─── Record set

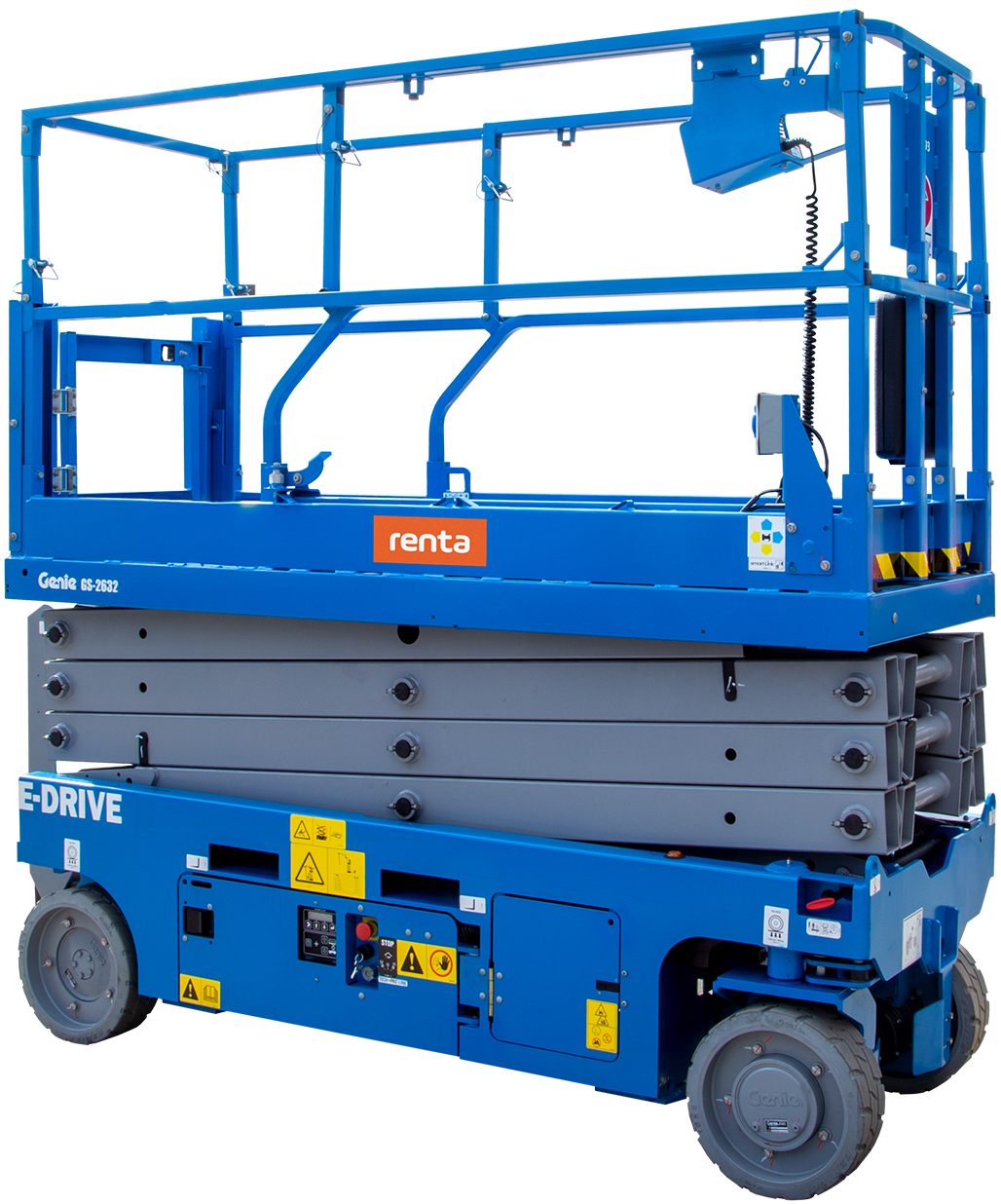 Lej Genie GS-2632 E-Drive hos Renta og få en driftssikker og smidig saxlift til professionelle indendørsopgaver. Find din nærmeste afdeling her!
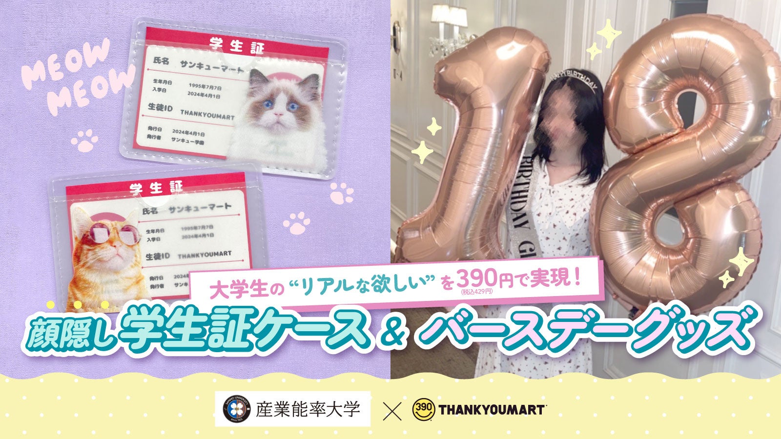現役大学生のリアルな”欲しい”を390円(税込429円)で実現!サンキューマートが産業能率大学との産学連携企画として「顔隠し学生証ケース」「バースデー装飾アイテム」を新発売
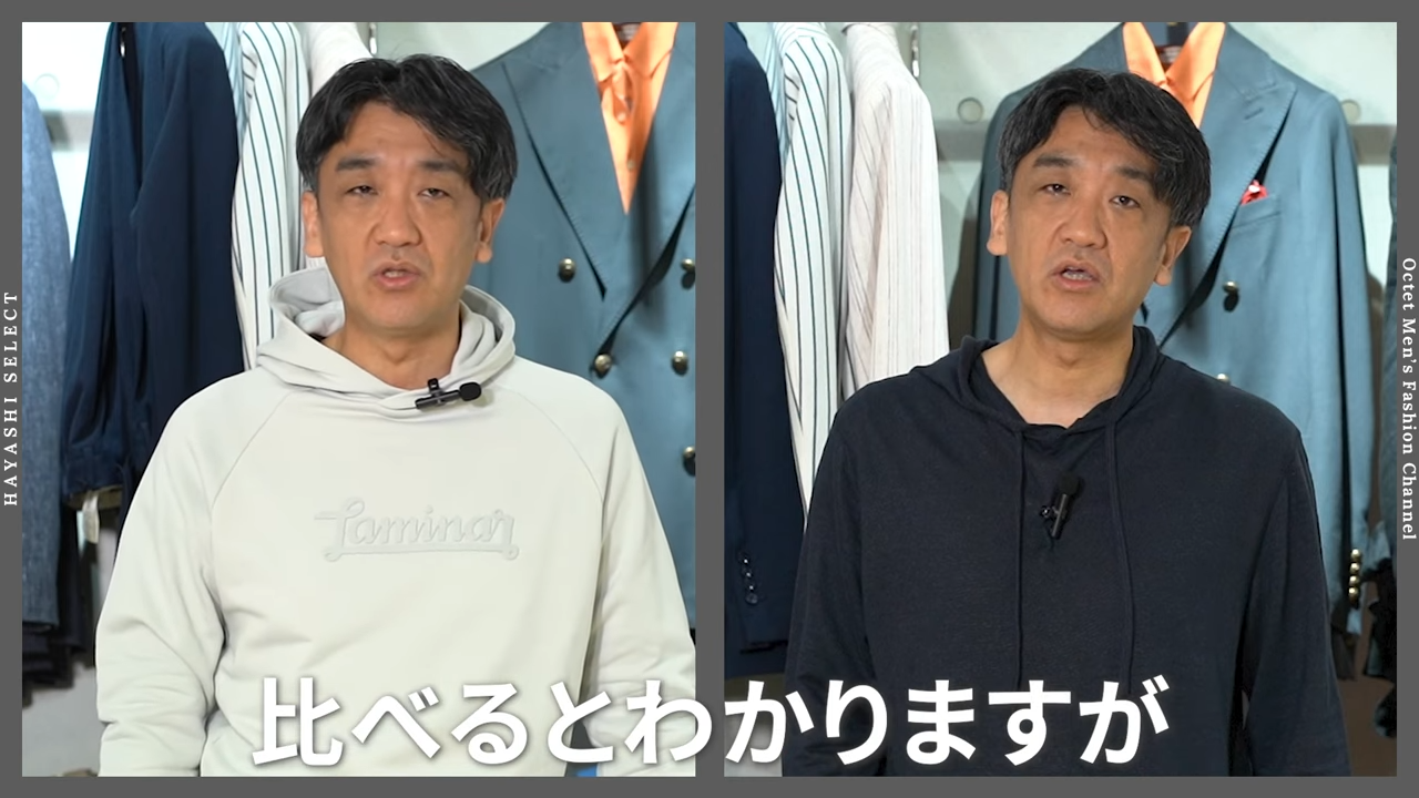 厚手のコットンのパーカーを選んでしまうとカジュアル感が強くなってしまうので、ちょっとツルッとした……こちらはラミナーっていうロゴがあるんですけど、ヘルノラミナーというブランドなんですが、ロゴがあんまり目立たないものがいいです。全く無地だと、これもまたコットンで無地というのはいろんなブランドがたくさん出してますけれども、それまたちょっと難しいなって思うこともあるので、ブランドロゴが書いてあってもいいんですけれども、なるべく大人しい感じで書いてあるものがいいんじゃないかなっていう風に思います。
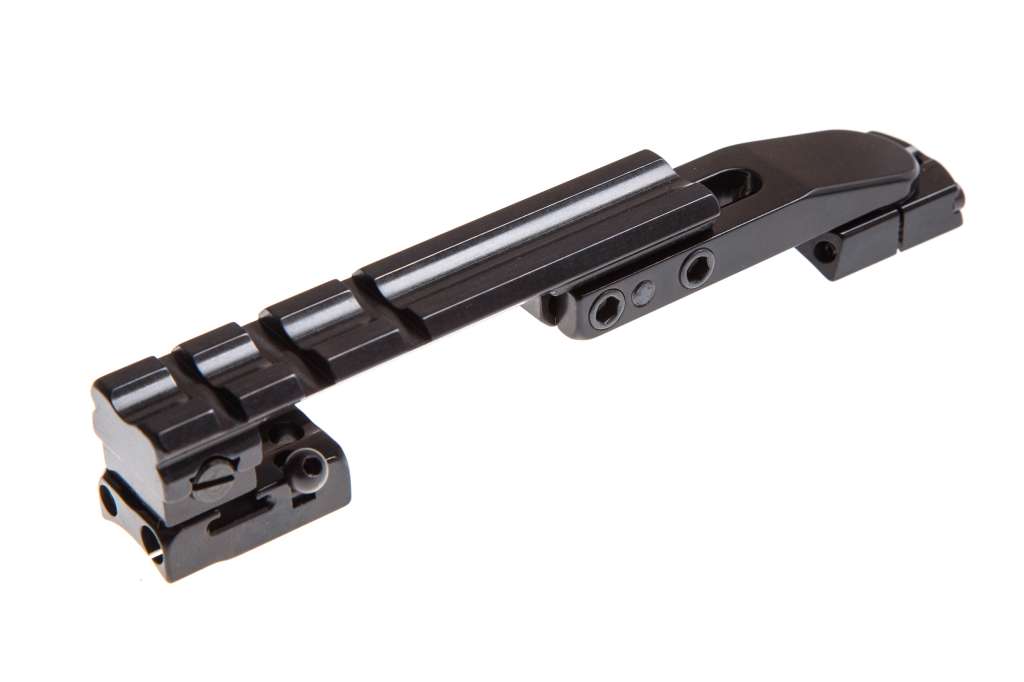 Поворотный кронштейн EAW - быстросъемный моноблочный кронштейн c шарниром из стали на планку Weaver. Используется профессиональными охотниками и стрелками для быстрой и эффективной смены прицельного приспособления на выбранном оружии. Такой тип кронштейна даёт возможность стрелку быстро сменить прицельное приспособление, не теряя при этом точность стрельбы. Исходя из ситуации, в которой находится стрелок, быстрая смена прицела может значительно увеличить эффективность стрельбы и улучшить её результативность. Поворотные кронштейны EAW предлагают многочисленные возможности регулировки заднего и переднего быков для свободной от напряжений установки оптического прицела и гарантируемого подобной установкой сохранения точки попадания – также при поочередном использовании нескольких оптических прицелов. Особенностью является плавная регулировка по длине (наличие патента на данную конструкцию) в переднем быке, которая способна компенсировать допуски в расстоянии от переднего основания до замка. Поворотный моноблок-флекс с верхним основанием WEAVER для установки прицелов с интегрированным кронштейном под Weaver, типа Bushnell Holosite, Hakko BED-40/35, BURRIS FastFire, BURRIS SpeadDot, DOCTER, а так же ночных прицелов с креплением на эту посадку. Также возможна установка любого другого прицела при помощи соответствующих колец.
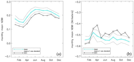 While the vegetation indices represent an important aspect of the drought, particularly its agricultural impacts, for the purpose of early warning, it is known that negative anomalies in water indices emerge even before the decline in vegetation indices []. To supplement the vegetation indices, we further show the time evolution of NDWI in Figure 8, using the same format as Figure 6 and Figure 7. Figure 8a is for the version of NDWI defined in []. It shows a negative anomaly (at one standard deviation below normal) in wetness starting from January 2021. In this context, this index potentially provides a sharper indication of early warning of drought compared to the vegetation indices. On the other hand, after January–February, the negative anomaly in NDWI stays at about the same level through the rest of the year. It does not show a steep decline in March as do the vegetation indices. Thus, the vegetation indices provide a better representation of the rapid intensification of drought leading to its peak in April. The insight here is that different indices reflect different aspects of the drought. We may obtain a more complete picture of a drought event by combining a hybrid set of those indices together.
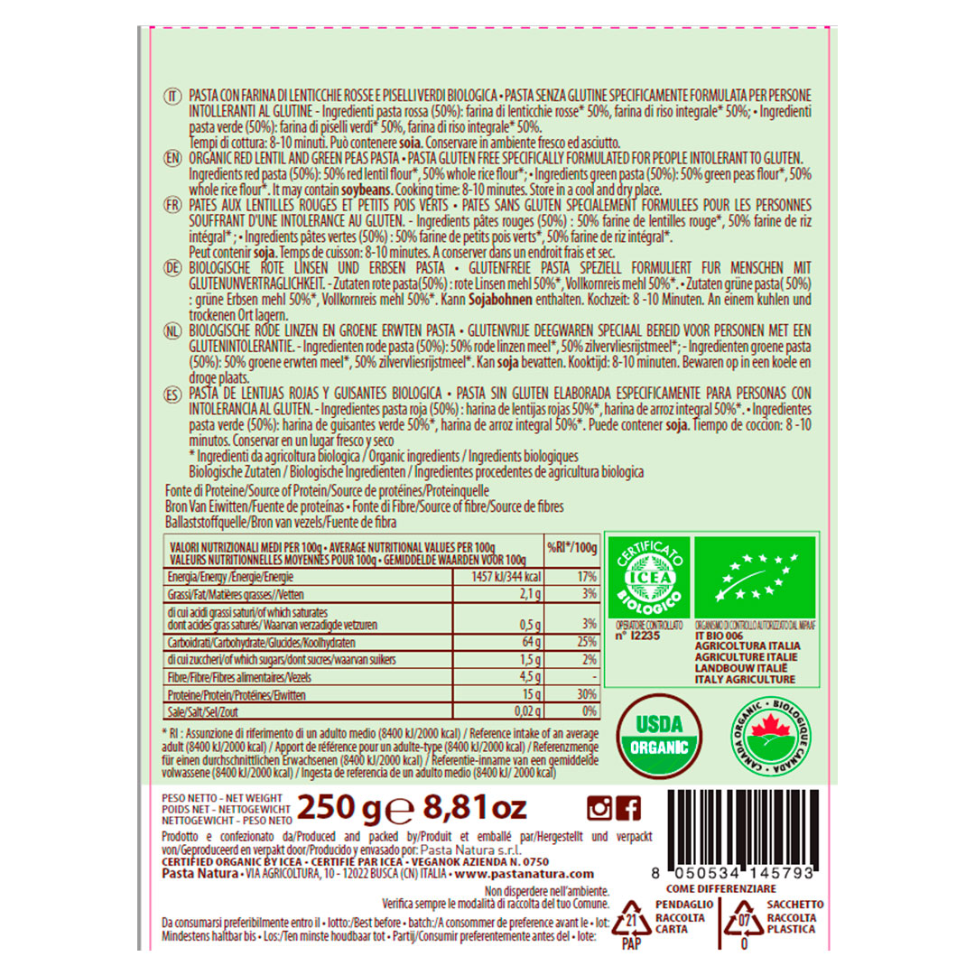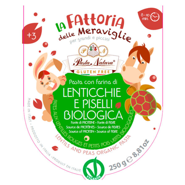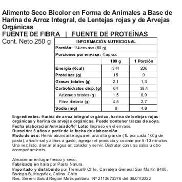 250 grColorida y divertida, la pasta con Forma de Animales, tiene un sabor increíble. Elaborada con harina de lentejas rojas orgánica y harina de arvejas orgánica. Esta pasta es una importante fuente de proteína vegetal. Con sus simpáticos animalitos, hace de cada comida un momento de alegría y de compartir. Comer bien, de forma sana y equilibrada, es una elección a la que ya no podrás renunciar: una vez que pruebes esta pasta, tu familia no querrá comer otra.
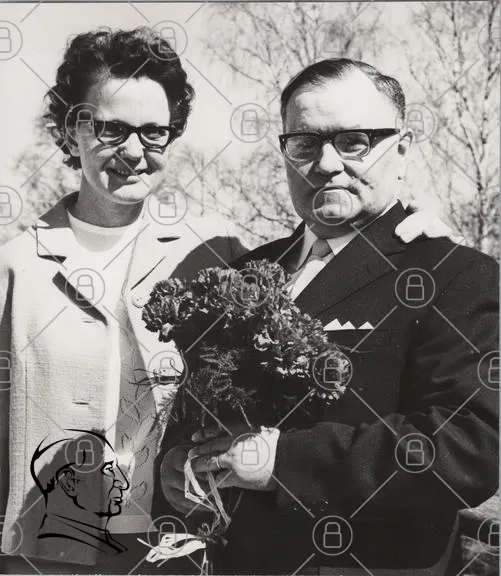par, blommor, svartvitt, porträtt, kvinna, man, glasögon, klänning, kostym, bukett, leende, utomhus, träd, 1960-tal, vintage, familj, minne, fest, kärlek, relation, tradition, firande, nostalgisk, gammal, fotografi, romantik, stil, elegans, samhörighet
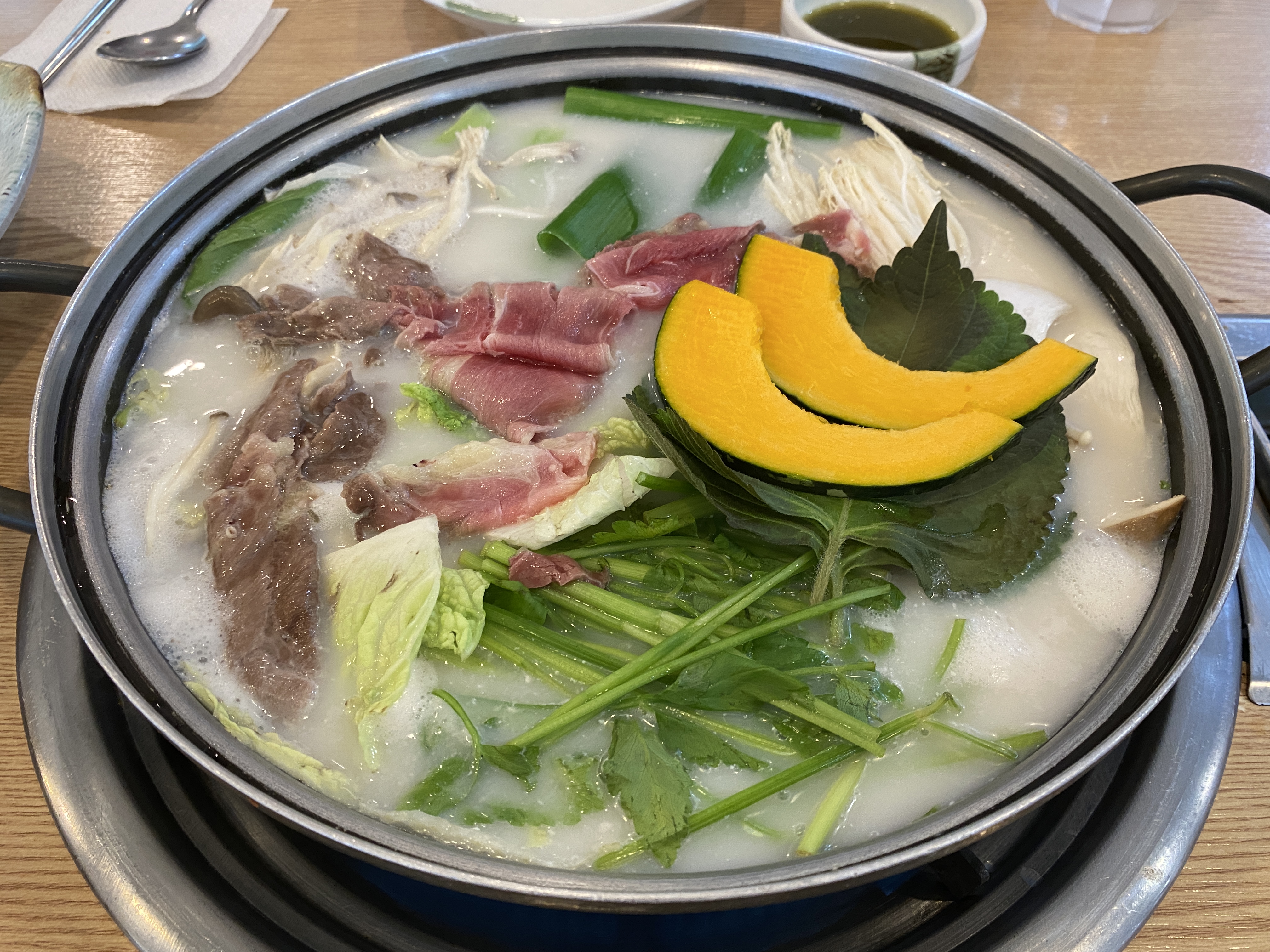 우리는 사골 소고기 만두전골 2인분을 주문했다.
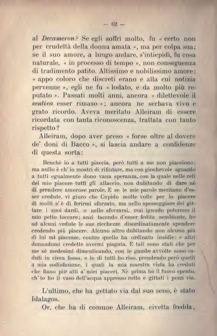 al Decameron? Se egli soffrì molto, fu « certo non per crudeltà della donna amata », ma per colpa sua; se il suo amore, a lungo andare, s'intiepidì, fu cosa naturale, « in processo di tempo », non conseguenza di tradimento patito. Altissimo e nobilissimo amore; « appo coloro che discreti erano e alla cui notizia pervenne », egli ne fu « lodato, e da molto più reputato ». Passati molti anni, ancora « dilettevole il sentiva esser rimaso » ; ancora ne serbava vivo e grato ricordo. Aveva meritato Alleiram di essere ricordata con tanta riconoscenza, trattata con tanto rispetto ?
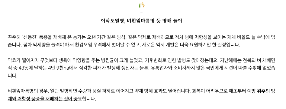 그동안 신동진벼를 계속 수확한 농가는 농사기법이나.. 비료.. 약제등을 거의 비슷한 것으로 계속 써 왔으리라 예상합니다. 이로인해 약제에 내성이 생기는 병해가 발생될 여지가 있습니다. 한가지 품종만 계속 수확한다면 늘 따라오는 문제입니다.

──────

[What is needed] Repeat the data above exactly, but not the pictures.

[Solution to this problem]
 Lej Genie GS-2632 E-Drive hos Renta og få en driftssikker og smidig saxlift til professionelle indendørsopgaver. Find din nærmeste afdeling her!
現役大学生のリアルな”欲しい”を390円(税込429円)で実現!サンキューマートが産業能率大学との産学連携企画として「顔隠し学生証ケース」「バースデー装飾アイテム」を新発売
 厚手のコットンのパーカーを選んでしまうとカジュアル感が強くなってしまうので、ちょっとツルッとした……こちらはラミナーっていうロゴがあるんですけど、ヘルノラミナーというブランドなんですが、ロゴがあんまり目立たないものがいいです。全く無地だと、これもまたコットンで無地というのはいろんなブランドがたくさん出してますけれども、それまたちょっと難しいなって思うこともあるので、ブランドロゴが書いてあってもいいんですけれども、なるべく大人しい感じで書いてあるものがいいんじゃないかなっていう風に思います。
 Поворотный кронштейн EAW - быстросъемный моноблочный кронштейн c шарниром из стали на планку Weaver. Используется профессиональными охотниками и стрелками для быстрой и эффективной смены прицельного приспособления на выбранном оружии. Такой тип кронштейна даёт возможность стрелку быстро сменить прицельное приспособление, не теряя при этом точность стрельбы. Исходя из ситуации, в которой находится стрелок, быстрая смена прицела может значительно увеличить эффективность стрельбы и улучшить её результативность. Поворотные кронштейны EAW предлагают многочисленные возможности регулировки заднего и переднего быков для свободной от напряжений установки оптического прицела и гарантируемого подобной установкой сохранения точки попадания – также при поочередном использовании нескольких оптических прицелов. Особенностью является плавная регулировка по длине (наличие патента на данную конструкцию) в переднем быке, которая способна компенсировать допуски в расстоянии от переднего основания до замка. Поворотный моноблок-флекс с верхним основанием WEAVER для установки прицелов с интегрированным кронштейном под Weaver, типа Bushnell Holosite, Hakko BED-40/35, BURRIS FastFire, BURRIS SpeadDot, DOCTER, а так же ночных прицелов с креплением на эту посадку. Также возможна установка любого другого прицела при помощи соответствующих колец.
 While the vegetation indices represent an important aspect of the drought, particularly its agricultural impacts, for the purpose of early warning, it is known that negative anomalies in water indices emerge even before the decline in vegetation indices []. To supplement the vegetation indices, we further show the time evolution of NDWI in Figure 8, using the same format as Figure 6 and Figure 7. Figure 8a is for the version of NDWI defined in []. It shows a negative anomaly (at one standard deviation below normal) in wetness starting from January 2021. In this context, this index potentially provides a sharper indication of early warning of drought compared to the vegetation indices. On the other hand, after January–February, the negative anomaly in NDWI stays at about the same level through the rest of the year. It does not show a steep decline in March as do the vegetation indices. Thus, the vegetation indices provide a better representation of the rapid intensification of drought leading to its peak in April. The insight here is that different indices reflect different aspects of the drought. We may obtain a more complete picture of a drought event by combining a hybrid set of those indices together.
 250 grColorida y divertida, la pasta con Forma de Animales, tiene un sabor increíble. Elaborada con harina de lentejas rojas orgánica y harina de arvejas orgánica. Esta pasta es una importante fuente de proteína vegetal. Con sus simpáticos animalitos, hace de cada comida un momento de alegría y de compartir. Comer bien, de forma sana y equilibrada, es una elección a la que ya no podrás renunciar: una vez que pruebes esta pasta, tu familia no querrá comer otra.
par, blommor, svartvitt, porträtt, kvinna, man, glasögon, klänning, kostym, bukett, leende, utomhus, träd, 1960-tal, vintage, familj, minne, fest, kärlek, relation, tradition, firande, nostalgisk, gammal, fotografi, romantik, stil, elegans, samhörighet
 우리는 사골 소고기 만두전골 2인분을 주문했다.
 al Decameron? Se egli soffrì molto, fu « certo non per crudeltà della donna amata », ma per colpa sua; se il suo amore, a lungo andare, s'intiepidì, fu cosa naturale, « in processo di tempo », non conseguenza di tradimento patito. Altissimo e nobilissimo amore; « appo coloro che discreti erano e alla cui notizia pervenne », egli ne fu « lodato, e da molto più reputato ». Passati molti anni, ancora « dilettevole il sentiva esser rimaso » ; ancora ne serbava vivo e grato ricordo. Aveva meritato Alleiram di essere ricordata con tanta riconoscenza, trattata con tanto rispetto ?
 그동안 신동진벼를 계속 수확한 농가는 농사기법이나.. 비료.. 약제등을 거의 비슷한 것으로 계속 써 왔으리라 예상합니다. 이로인해 약제에 내성이 생기는 병해가 발생될 여지가 있습니다. 한가지 품종만 계속 수확한다면 늘 따라오는 문제입니다.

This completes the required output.